In both cases (Digital Ocean and VirtualBox) you're looking at a virtualized disk image.


----------



## srchi (Mar 3, 2021)

Ok, but how to identify its HDD or SSD. does HDD disk also give Medium Rotation Rate: 5400? if i run camcontrol modepage /dev/da0 -m 4. if HDD doesnt have rotation rate or any other property from camcontrol command as compared to SSD then my problem will be solved. so please tell me what i would get if i run camcontrol modepage /dev/da0 -m 4 for HDD disks?


----------



## SirDice (Mar 3, 2021)

I don't think there's an easy way to tell if a specific disk image is stored on SSD or harddisks. They're going to be presented to a virtual guest in exactly the same way regardless of the storage backend. Maybe with Digital Ocean they used a different naming scheme (look at the device model name) to indicate the difference, but maybe they don't.


----------



## ralphbsz (Mar 3, 2021)

srchi said:


> Ok, but how to identify its HDD or SSD. does HDD disk also give Medium Rotation Rate: 5400? if i run camcontrol modepage /dev/da0 -m 4. if HDD doesnt have rotation rate or any other property from camcontrol command as compared to SSD then my problem will be solved. so please tell me what i would get if i run camcontrol modepage /dev/da0 -m 4 for HDD disks?
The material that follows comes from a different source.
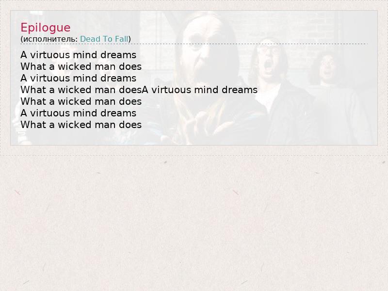 Это интересно:Dead to Fall образовалась в Чикаго в 1999 году. Состав участников менялся на протяжении всего существования группы. В 2000 были сделаны две демо-записи, а с полноформатным альбомом парни дебютировали в 2002 году на Victory Records. Dead to Fall смешала хеви метал, хардкор и, вдохновившись шведской сценой, мелодик дез метал, все это приправив текстами о личных переживаниях. Постоянно меняя участников, группа на... продолжение

That is sort of a silly question. What you are dealing with at a cloud or hosting provider is not a real disk. I don't know how these two companies implement their virtual disk, but guessing from how others do it, they probably use RAID technology underneath to guard against disk failure, then a file system (could be a lightweight one), probably with some snapshot support, and then a disk virtualization layer. The hardware is probably a mix of spinning disks (which still have the best $/capacity and $/throughput) plus SSD/flash/NVRAM for low-latency IOs.

You probably need to look at their sales literature. I know at other providers you can rent both high-capacity (mostly spinning disk) drives, and explicit SSDs that are for low latency.

But the real underlying question is this: Why do you care? You're trying to set up ZFS, with the main storage on disks (presumably for capacity) and SSDs as logs and caches. Have you actually benchmarked whether you need these logs and caches? It's quite possible that those virtual disks are so fast for small IOs, you don't need any of these accelerators.


----------



## aponomarenko (Mar 5, 2021)

`smartctl -x /dev/ada0 | grep Solid`


----------